The withdrawal requirement of DR 5-102(B), however, only applies if a lawyer's testimony is or may be prejudicial to his client. It is sufficient that the attorney's testimony be only potentially prejudicial for withdrawal to be required. Because the Agency attorney's testimony will relate to matters which are directly relevant to any defenses that defendant may raise against the AS 12.30.060 charges, the attorney's testimony is potentially prejudicial to defendant. Accordingly, the Agency attorney is required to withdraw from representation of defendant in the violation of conditions cases at which he is likely to called as a witness.
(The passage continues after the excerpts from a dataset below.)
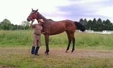Jim Gibson poses with OTTB “Old City Bar”, in June 2011, after pulling his racing shoes. OCB is now at his new home in Kansas. Photo courtesy of Susann Jones.
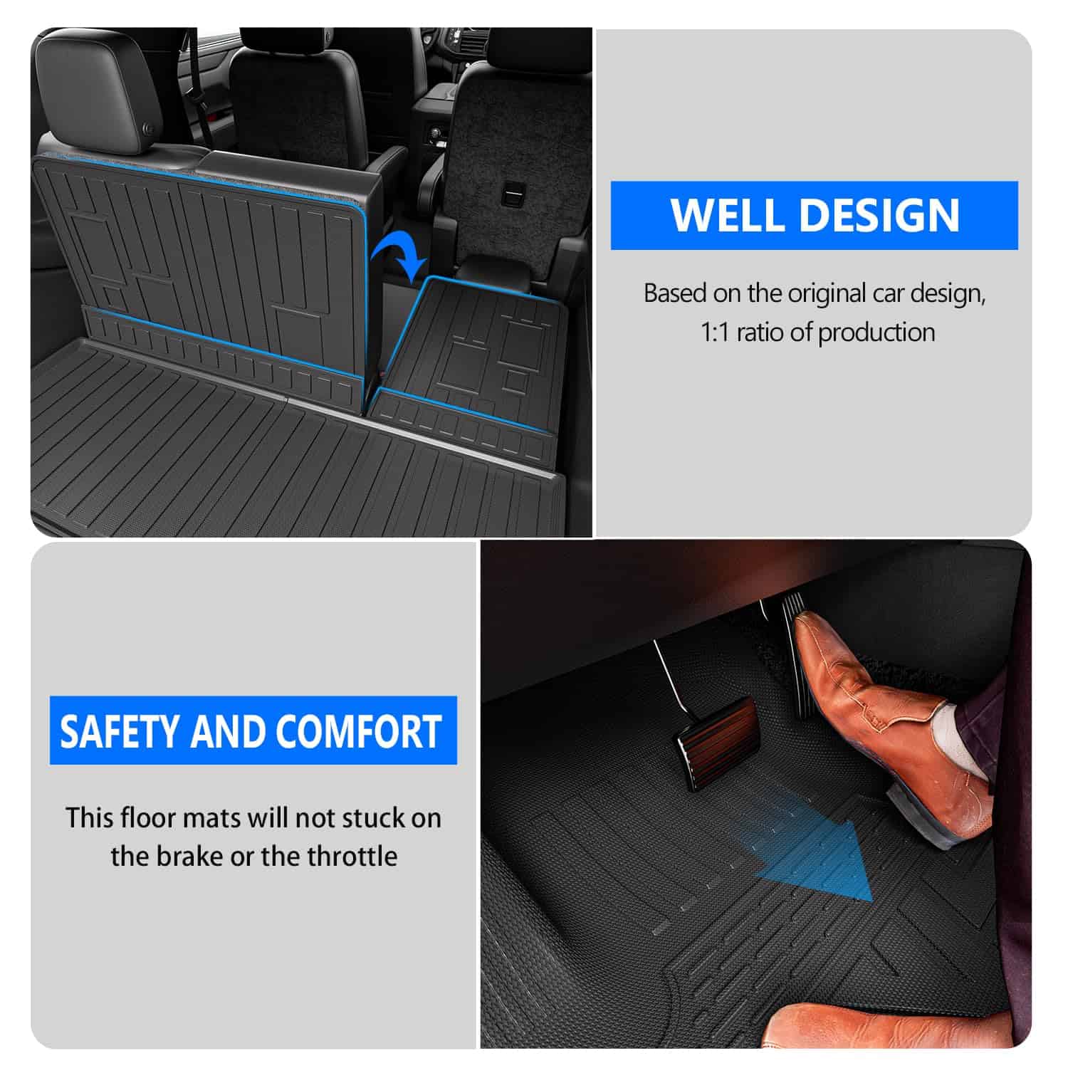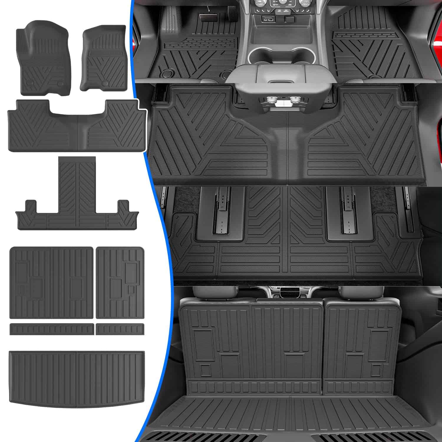 El tapete para el maletero, reposacabezas y tapetes para el suelo de xipoqix son la solución perfecta para proteger y mejorar el aspecto de su Chevy Tahoe o GMC Yukon de 7 plazas 2022 2023 2024 2025. Hechos de material TPE de alta calidad, estos tapetes son inodoros y ofrecen una excelente flexibilidad, resistencia al desgaste y resistencia al agua. Con una instalación fácil gracias al velcro incluido en los tapetes de reposacabezas, estos tapetes no solo protegen su automóvil de daños, sino que también le brindan un aspecto más elegante. El tapete para el suelo en la posición de conducción está diseñado para no afectar el uso normal del acelerador y del freno. En resumen, los tapetes de xipoqix son la elección perfecta para mantener su automóvil en las mejores condiciones y con un aspecto sofisticado. Además, nuestro equipo de atención al cliente está disponible para ayudarlo en caso de cualquier problema. ¡No dude en contactarnos!
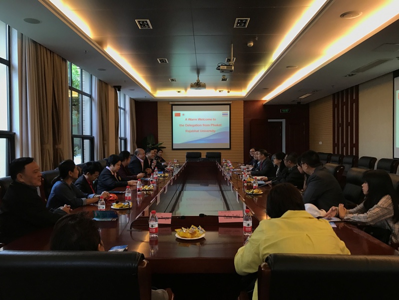 普吉皇家大学校长Hiran Prasarnkarn表示感谢,并介绍了普吉皇家大学的学校规模、学科设置、学生培养方案等情况,就两校开展学生交流、学术研讨进行了详细的阐述,并就落实两校合作项目提出了一些积极的建议。
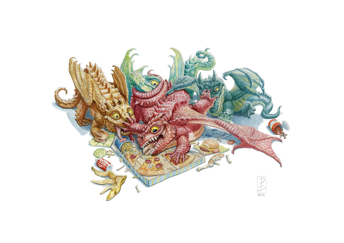 Dragons are greedy by nature.They have a “first come, only served” policy when it comes to distribution of edibles. Even if there is plenty of food to go around there isn’t enough to go around. There is an abundance of stray food in our modern world, enough to ensure that the dragon population could be well fed, but often this isn’t the case. Dragons will expend much energy ensuring they are the only ones to eat when an easy meal is found. In our modern world one man’s trash is a dragons menu.
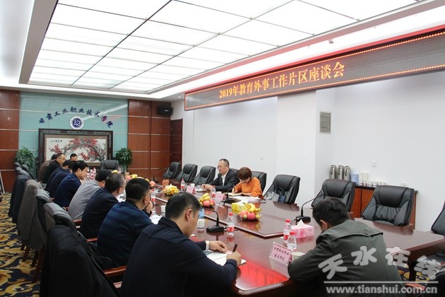10月17日,2019年省教育廳教育外事工作隴東南片區(qū)座談會(huì)在甘肅工業(yè)職業(yè)技術(shù)學(xué)院召開,來自天水師范學(xué)院、甘肅醫(yī)學(xué)院、隴南師范高等專科學(xué)校、甘肅林業(yè)職業(yè)技術(shù)學(xué)院、甘肅機(jī)電職業(yè)技術(shù)學(xué)院和甘肅工業(yè)職業(yè)技術(shù)學(xué)院的隴東南片區(qū)高校負(fù)責(zé)人參加會(huì)議。該校校長曹愛明和外事專辦員參加。
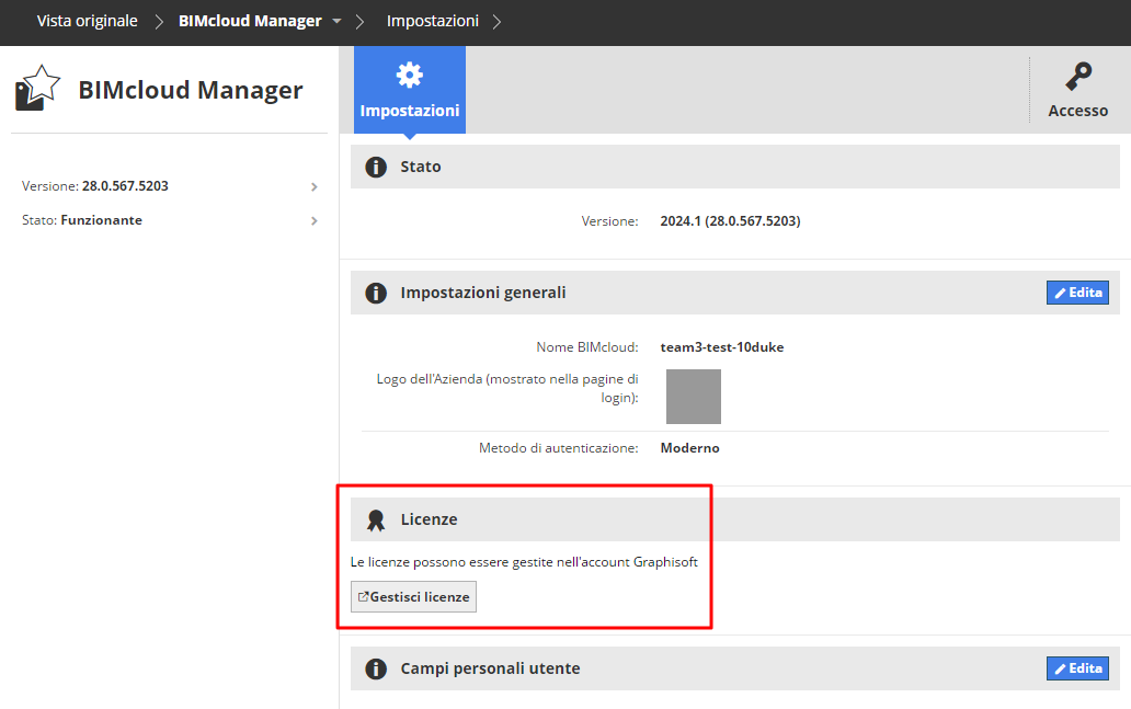 - Invece che dal BIMcloud Manager, la gestione delle licenze e degli utenti di BIMcloud si effettua nell'account aziendale.
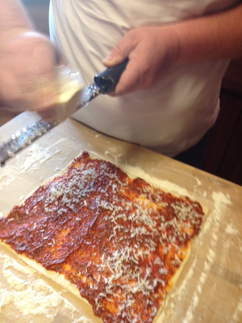 Take one sheet of Puff Pastry dough and place on a floured surface. Utilizing a rolling pin, roll to approximately 11.5” x 9.5”. Evenly spread the prepared filling over the puff pastry. Once spread grate the frozen bleu cheese evenly over the spread paste. Roll the pastry (using your fingers) from the top and bottom; meeting in the middle with evenly rolled ends. Compress the rolls together creating a cylindrical shape. Wrap in plastic wrap and place in the refrigerator to chill for at least 45 minutes.
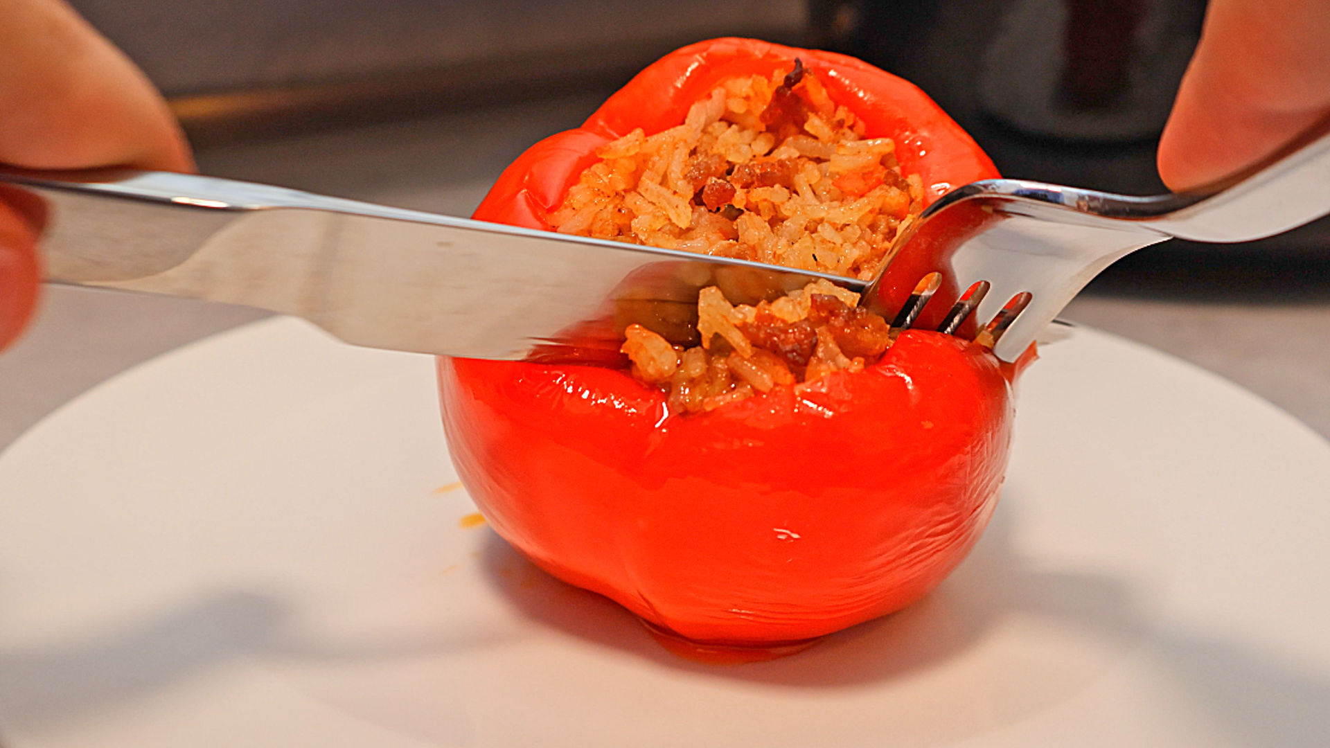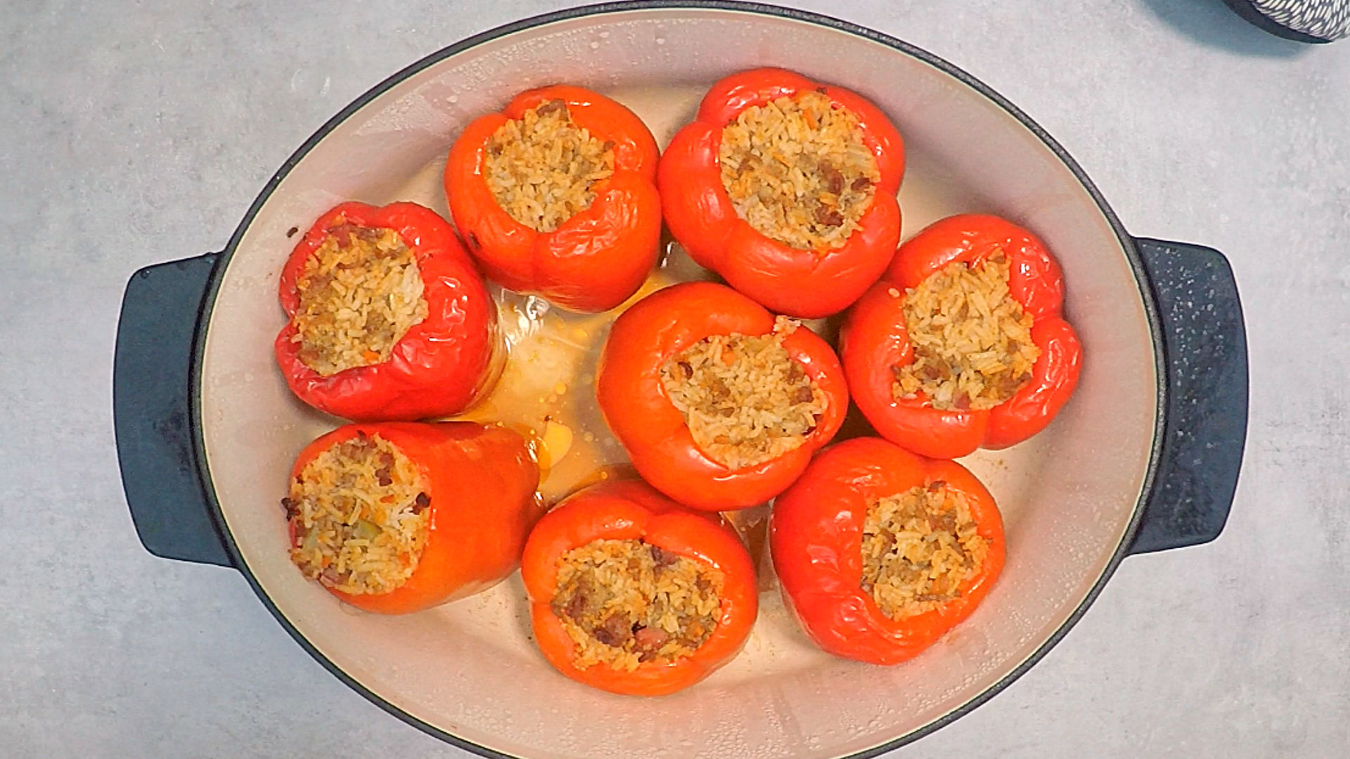 Bake at 200°C for about 70 minutes, until the Peppers are tender and slightly roasted on top.

It is clear from the provisions of DR 5-102(A) that a lawyer should withdraw from representation when he ought to be called as a witness for his client concerning a disputed question of fact relating to the merits of the cause, if such withdrawal would not work a substantial hardship on the client because of the distinctive value of the lawyer or his firm as counsel in the particular case. National Filtronics, Inc. v. Sherwood Land, 428 So.2d 11, 14 (Ala. 1983). The decisive question is not whether the lawyer will be called as a witness, but whether he ought to be called. People ex. rel. Younger v. Superior Court of San Bernadino County, 86 Cal. App.3d 180, 150 Cal. Rptr. 156 (1978). It is also clear from the provisions of DR 5-102(B) that a lawyer should withdraw when the testimony will be adverse to the client.

2. Whether the Agency is Required to Withdraw from the Underlying Criminal Cases Out of Which the Violation of Conditions Charges Arose.

There is no indication that the Agency attorney assigned to represent defendant will be called to testify in the underlying criminal cases out of which the AS 12.30.060 charges against defendant arose. Accordingly, the Agency attorney assigned to defendant's case is not required to withdraw from representing defendant in defending the underlying criminal cases out of which the violation of conditions charges against defendant arose.

3. Whether the Agency is Required to Withdraw from Representing Defendant in a Separate Criminal Case in Which There are Presently No Violation of Conditions Charges But in Which Such Charges are Potential and the Agency's Attorneys are Potential Witnesses with Regard to These Charges.

For the same reasons stated in response to the Agency's second question, the Agency is not required to withdraw from representation of the defendant in a separate criminal trial. At present there are no violations of conditions charges. There is therefore insufficient likelihood that the Agency attorney assigned to represent defendant will be called to testify. Moreover, the Agency has presented no facts to the Committee which suggest that the Agency attorney assigned to defendant's case will be called to testify in the criminal case at issue.

4. Whether the Agency is Required to Withdraw from an Appeal on Which the Briefing and Argument are Concluded and the Court's Opinion is Pending.

Regardless of whether the appeal at issue involved the defense of defendant with regard to AS 12.30.060 charges or the underlying criminal case out of which the AS 12.30.060 charges arose, no withdrawal is required. Withdrawal of the Agency attorney assigned to defendant's case would be required if the Agency attorney was a potential witness in defendant's defense. At this late stage in defendant's case, where the court's opinion is awaited on appeal, there is no likelihood that the Agency attorney will be called to testify. Moreover, at this stage, even if withdrawal were relevant because of potential testimony, the withdrawal would arguably cause substantial hardship upon defendant. Accordingly, withdrawal is not required.

Adopted by the Alaska Bar Association Ethics Committee this 4th day of November, 1986.

Approved by the Board of Governors on November 7, 1986.